How to replace a string in a pandas multiindex?

I have a dataframe with a large multiindex, sourced from a vast number of csv files. Some of those files have errors in the various labels, ie. "window" is missspelled as "winZZw", which then causes problems when I select all windows with df.xs('window', level='middle', axis=1).
So I need a way to simply replace winZZw with window.
Here's a very minimal sample df: (lets assume the data and the 'roof', 'window'… strings come from some convoluted text reader)
header = pd.MultiIndex.from_product(['roof', 'window', 'basement'], names = ['top', 'middle', 'bottom'])
dates = pd.date_range('01/01/2000','01/12/2010', freq='MS')
data = np.random.randn(len(dates))
df = pd.DataFrame(data, index=dates, columns=header)
header2 = pd.MultiIndex.from_product(['roof', 'winZZw', 'basement'], names = ['top', 'middle', 'bottom'])
data = 3*(np.random.randn(len(dates)))
df2 = pd.DataFrame(data, index=dates, columns=header2)
df = pd.concat([df, df2], axis=1)
header3 = pd.MultiIndex.from_product(['roof', 'door', 'basement'], names = ['top', 'middle', 'bottom'])
data = 2*(np.random.randn(len(dates)))
df3 = pd.DataFrame(data, index=dates, columns=header3)
df = pd.concat([df, df3], axis=1)
Now I want to xs a new dataframe for all the houses that have a window at their middle level: windf = df.xs('window', level='middle', axis=1)
But this obviously misses the misspelled winZZw.
So, how I replace winZZw with window?
The only way I found was to use set_levels, but if I understood that correctly, I need to feed it the whole level, ie
df.columns.set_levels([u'window',u'window', u'door'], level='middle',inplace=True)
but this has two issues:
I need to pass it the whole index, which is easy in this sample, but impossible/stupid for a thousand column df with hundreds of labels.

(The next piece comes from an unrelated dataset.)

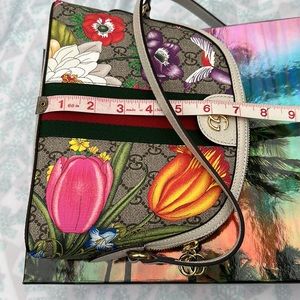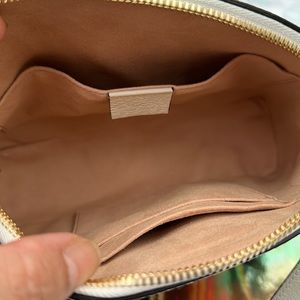 The crossbody is in excellent condition. The purse is in good, signs of wear inside and outside. The white Leather trim has color transfer from used and few scratches on the white leather.The GG gold logo is intact. The canvas is great.

It seems to need the list backwards (now, my first entry in the df has door in the middle, instead of the window it had). That can probably be fixed, but it seems weird
I can work around these issues by xsing a new df of only winZZws, and then setting the levels with set_levels(df.shape[1]*[u'window'], level='middle') and then concatting it together again, but I'd like to have something more straightforward analog to str.replace('winZZw', 'window'), but I can't figure out how.
Use rename with specifying level:
header = pd.MultiIndex.from_product([['roof'],[ 'window'], ['basement']], names = ['top', 'middle', 'bottom'])
dates = pd.date_range('01/01/2000','01/12/2010', freq='MS')
data = np.random.randn(len(dates))
df = pd.DataFrame(data, index=dates, columns=header)
header2 = pd.MultiIndex.from_product([['roof'], ['winZZw'], ['basement']], names = ['top', 'middle', 'bottom'])
data = 3*(np.random.randn(len(dates)))
df2 = pd.DataFrame(data, index=dates, columns=header2)
df = pd.concat([df, df2], axis=1)
header3 = pd.MultiIndex.from_product([['roof'], ['door'], ['basement']], names = ['top', 'middle', 'bottom'])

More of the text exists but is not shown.